Supplied entries
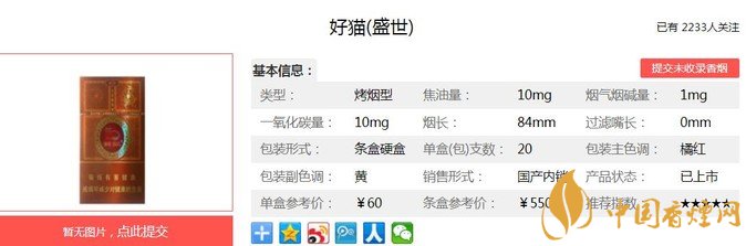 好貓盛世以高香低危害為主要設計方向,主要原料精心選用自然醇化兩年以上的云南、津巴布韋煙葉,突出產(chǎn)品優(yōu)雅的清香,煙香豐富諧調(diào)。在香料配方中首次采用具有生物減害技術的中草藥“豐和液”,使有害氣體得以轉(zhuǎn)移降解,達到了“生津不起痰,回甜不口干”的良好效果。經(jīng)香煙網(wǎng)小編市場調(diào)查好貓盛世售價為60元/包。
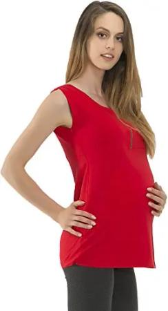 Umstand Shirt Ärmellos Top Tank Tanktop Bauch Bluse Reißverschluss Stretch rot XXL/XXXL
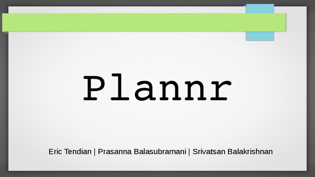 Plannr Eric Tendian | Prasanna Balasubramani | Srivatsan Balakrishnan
--
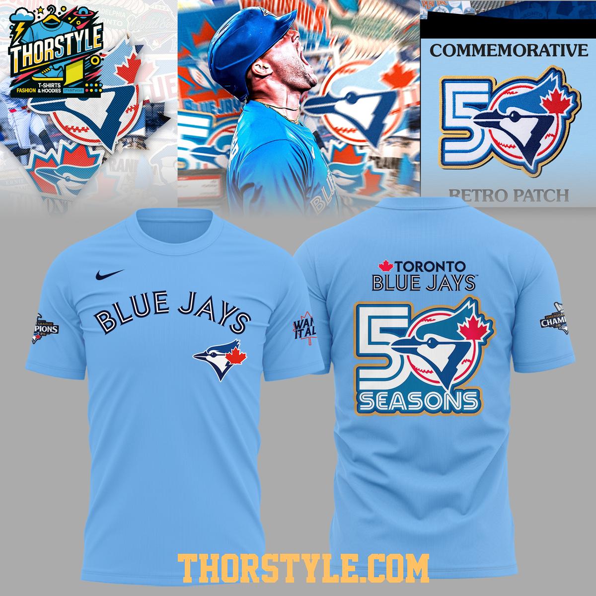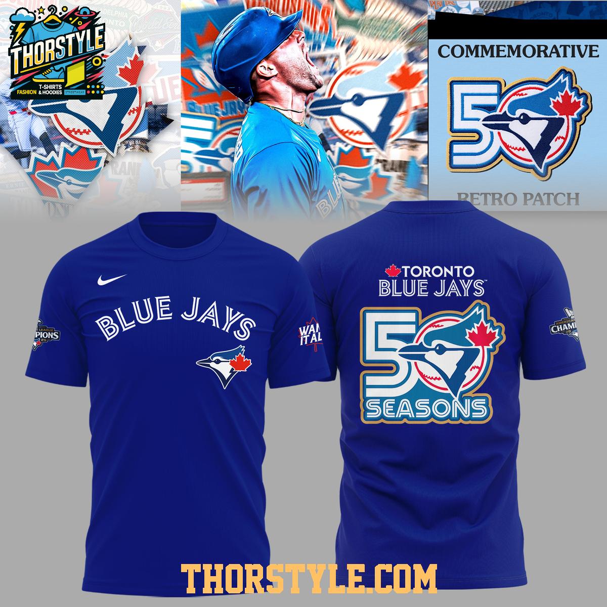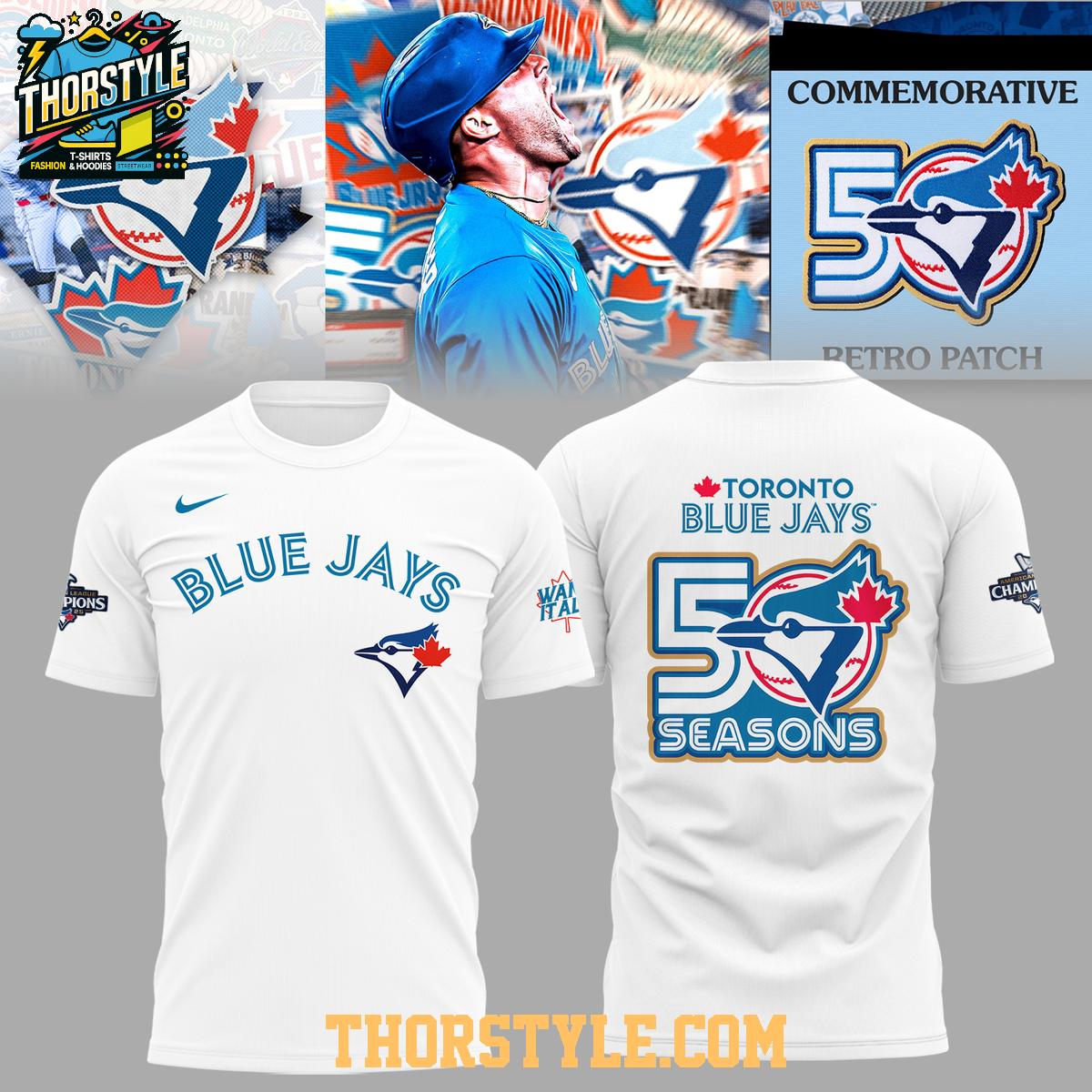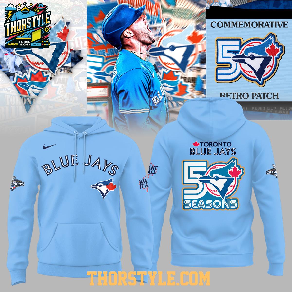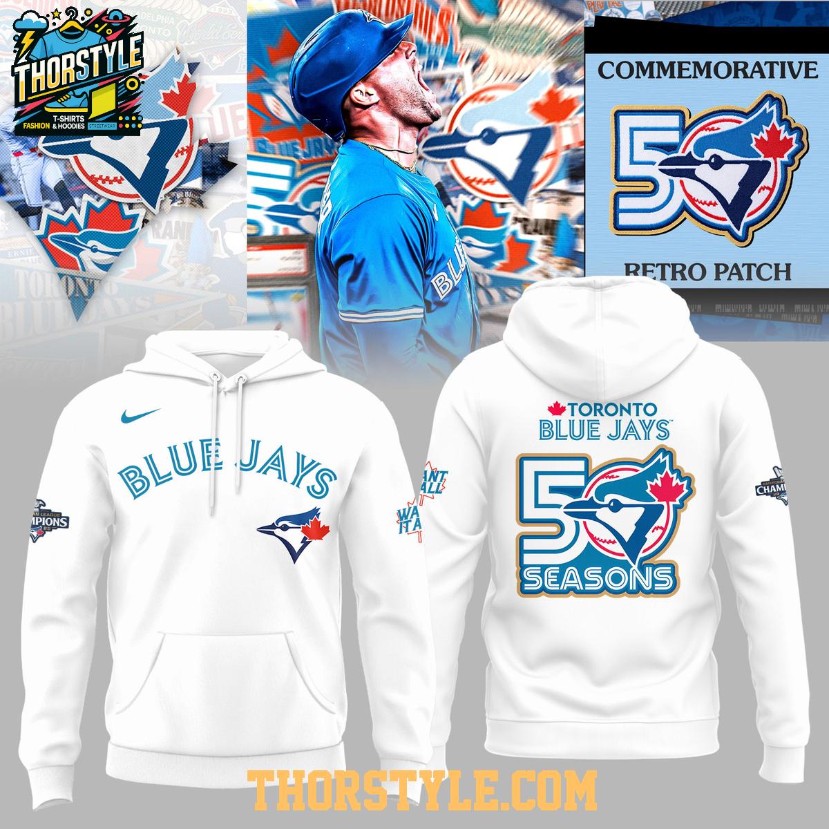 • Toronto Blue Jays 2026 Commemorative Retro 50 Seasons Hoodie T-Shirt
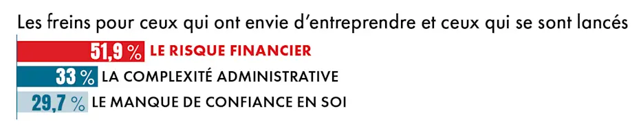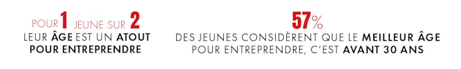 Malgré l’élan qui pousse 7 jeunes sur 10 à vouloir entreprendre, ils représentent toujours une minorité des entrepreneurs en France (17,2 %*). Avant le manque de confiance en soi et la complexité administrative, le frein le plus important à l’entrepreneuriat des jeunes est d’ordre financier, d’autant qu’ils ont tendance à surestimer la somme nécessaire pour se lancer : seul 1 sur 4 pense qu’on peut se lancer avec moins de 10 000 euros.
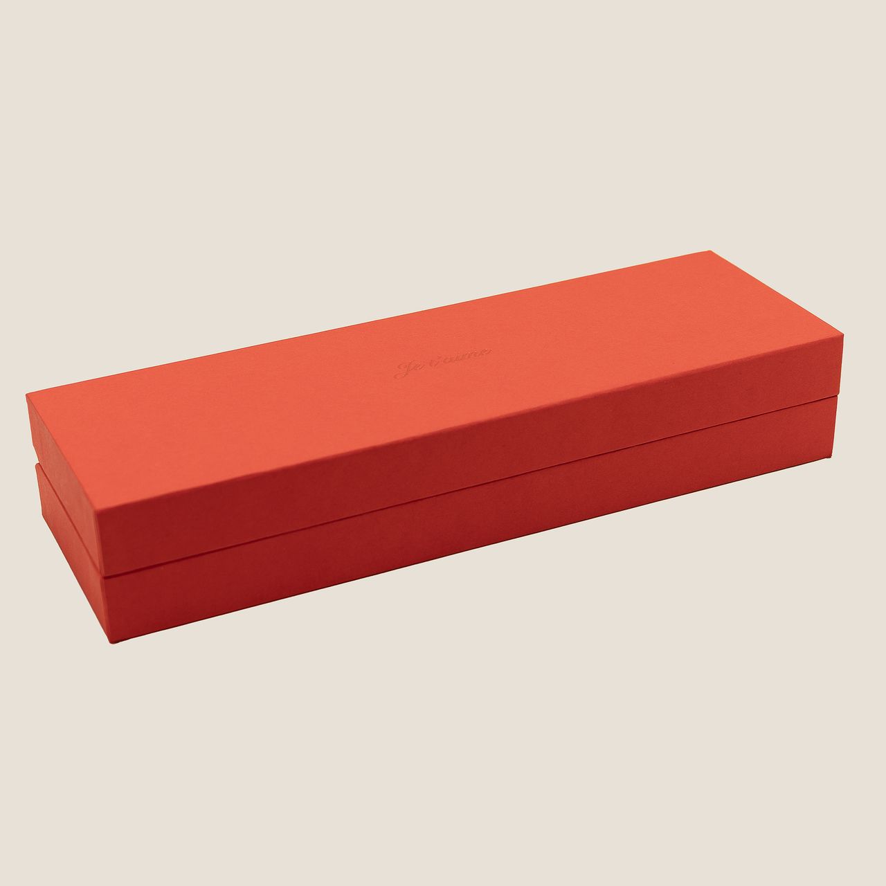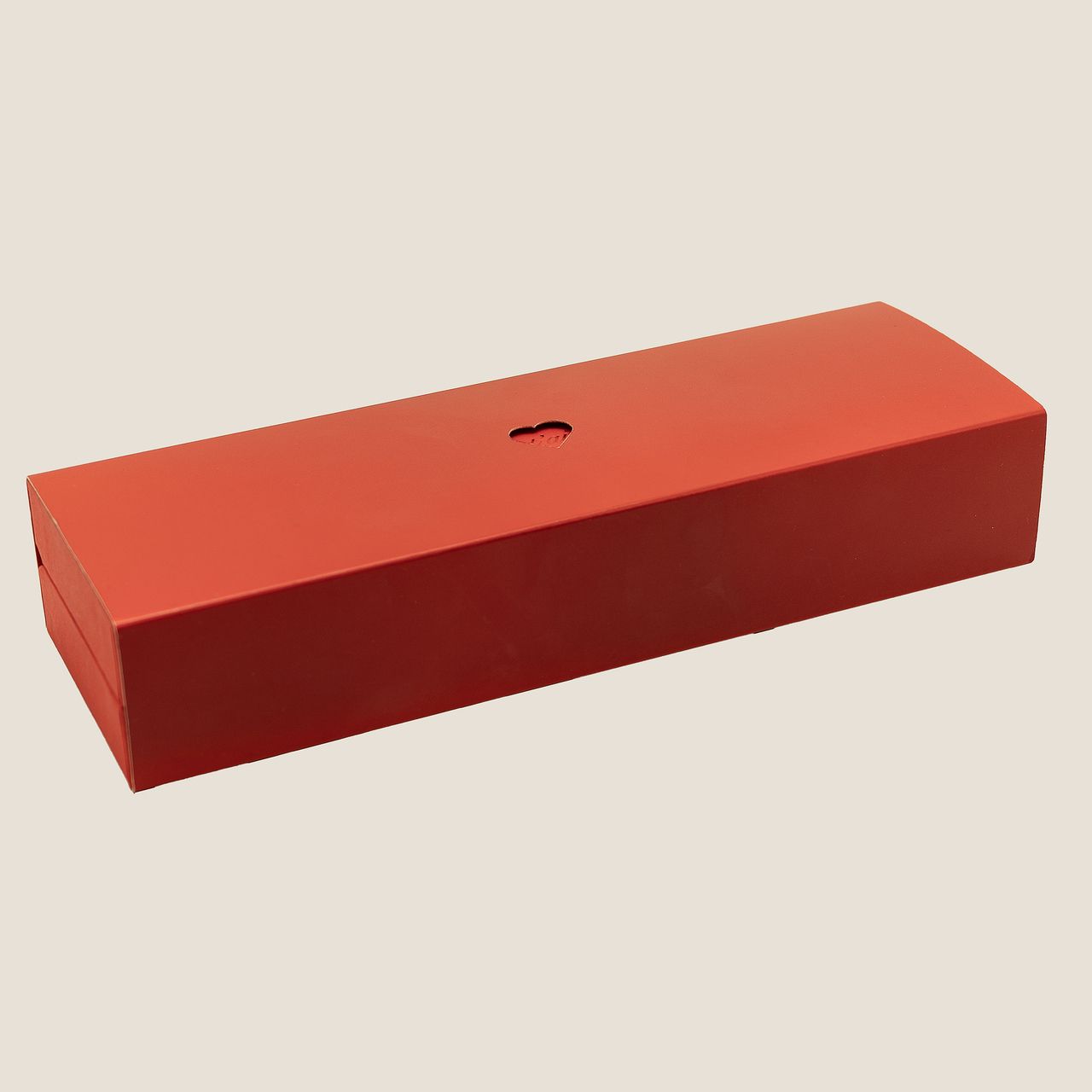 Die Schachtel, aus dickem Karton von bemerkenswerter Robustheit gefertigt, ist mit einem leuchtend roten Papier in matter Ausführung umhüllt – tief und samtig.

Work to be completed
Transcribe, word for word, the stretch of lines in the data above from the one with "好貓盛世以高香低危害為主要設" through the one with "Plannr Eric Tendian"; omit all pictures.

Exercise output
 好貓盛世以高香低危害為主要設計方向,主要原料精心選用自然醇化兩年以上的云南、津巴布韋煙葉,突出產(chǎn)品優(yōu)雅的清香,煙香豐富諧調(diào)。在香料配方中首次采用具有生物減害技術的中草藥“豐和液”,使有害氣體得以轉(zhuǎn)移降解,達到了“生津不起痰,回甜不口干”的良好效果。經(jīng)香煙網(wǎng)小編市場調(diào)查好貓盛世售價為60元/包。
 Umstand Shirt Ärmellos Top Tank Tanktop Bauch Bluse Reißverschluss Stretch rot XXL/XXXL
 Plannr Eric Tendian | Prasanna Balasubramani | Srivatsan Balakrishnan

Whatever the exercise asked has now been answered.